In the face of criticism that this change negatively affected the synod’s transparency, Cardinal Baldisseri claimed that “information is provided by a verbal summary” and is transparent, and that synod fathers were “not forbidden to speak to the press,” though they were prohibited from publishing their interventions, as any synod text “is property of the synod.” [Cool, huh?
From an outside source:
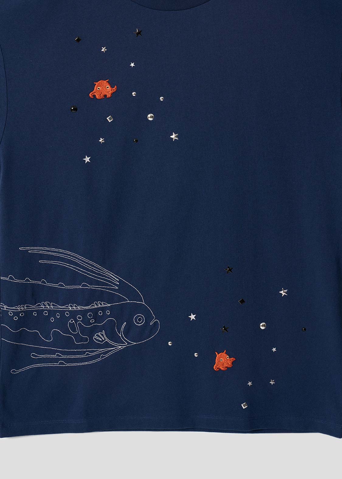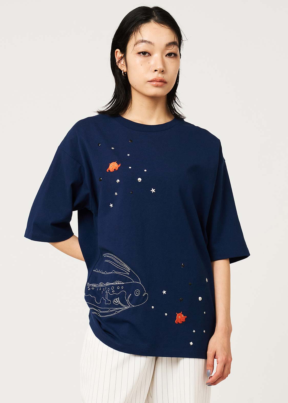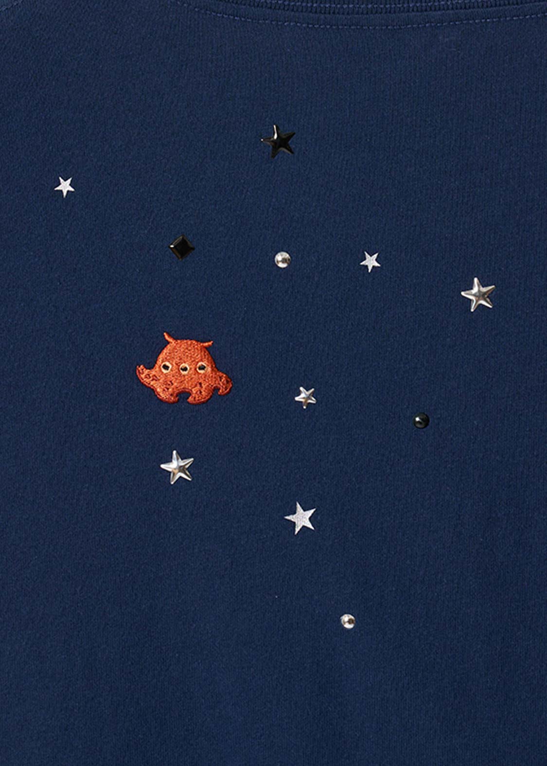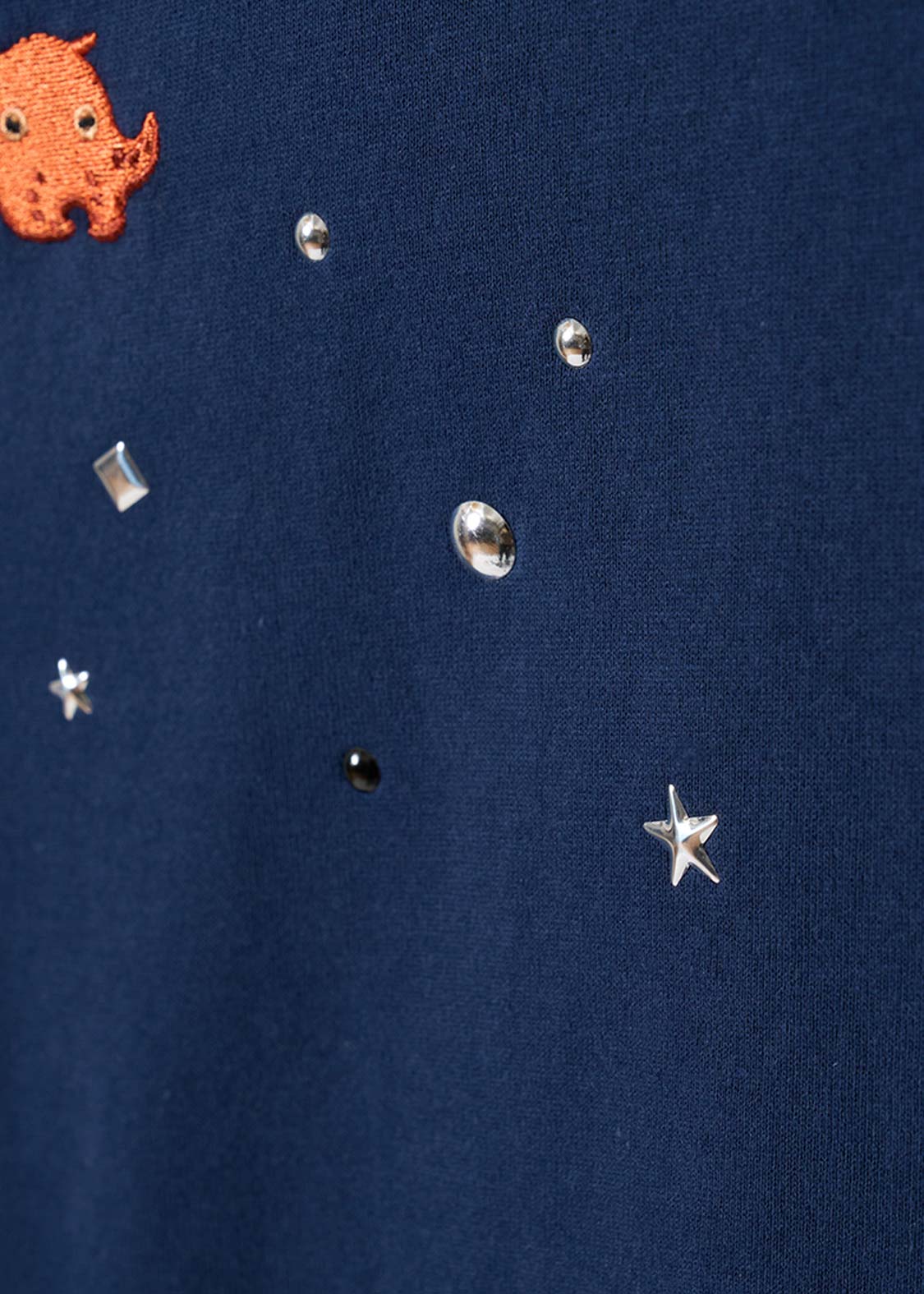 ・ホットフィックスと呼ばれる熱で圧着した小さなメタルチップを散りばめた、アクセントが効いたデザインです。

And keep in mind that copies The Five Cardinals Book™, which was sent from Italian Post to every member of the Synod, during the Synod, to their individual Vatican Post boxes, were confiscated… at someone’s orders.]
On the other hand, the impossibility of seeing the extent of the discussion within the synod paved the way for media speculation.
This autumn’s synod may re-present the same dynamic, given that while the Synod of Bishops’ ordinary council was meeting, a “shadow council” held a closed-door meeting regarding the most contentious issues of the Synod on the Family, which include approval of gay unions and Communion for the divorced and remarried.
The May 25 discussion was held in a conference center of the Jesuit-run Pontifical Gregorian University – though the meeting itself was not managed by the university. Bishops and theologians spoke before a select audience of 50, according to French daily Le Figaro.
[Get this…] The conference was called the “Mutual Convention of the French, German and Swiss Bishops Conferences concerning the issues of the pastoral care of marriage and family at the eve of the Synod of Bishops.”
The meeting was not in fact for all the bishops of the interested countries, but only for some of them – while others were not even informed of the meeting. [Transparency, right?]
Among the speakers at the meeting were Bishop Jean-Marie Lovey of Sion; Bishop Jean-Luc Brunin of Le Havre; the theologian Eva Maria Faber; Anne-Marie Pelletier, who won the 2014 Ratzinger Prize for Theology; Fr. François Xavier Amherdt, professor of pastoral theology at the University of Freiburg; Eberhard Schockenhoff, professor of moral theology in Freiburg; and the theologian Alain Thomasset.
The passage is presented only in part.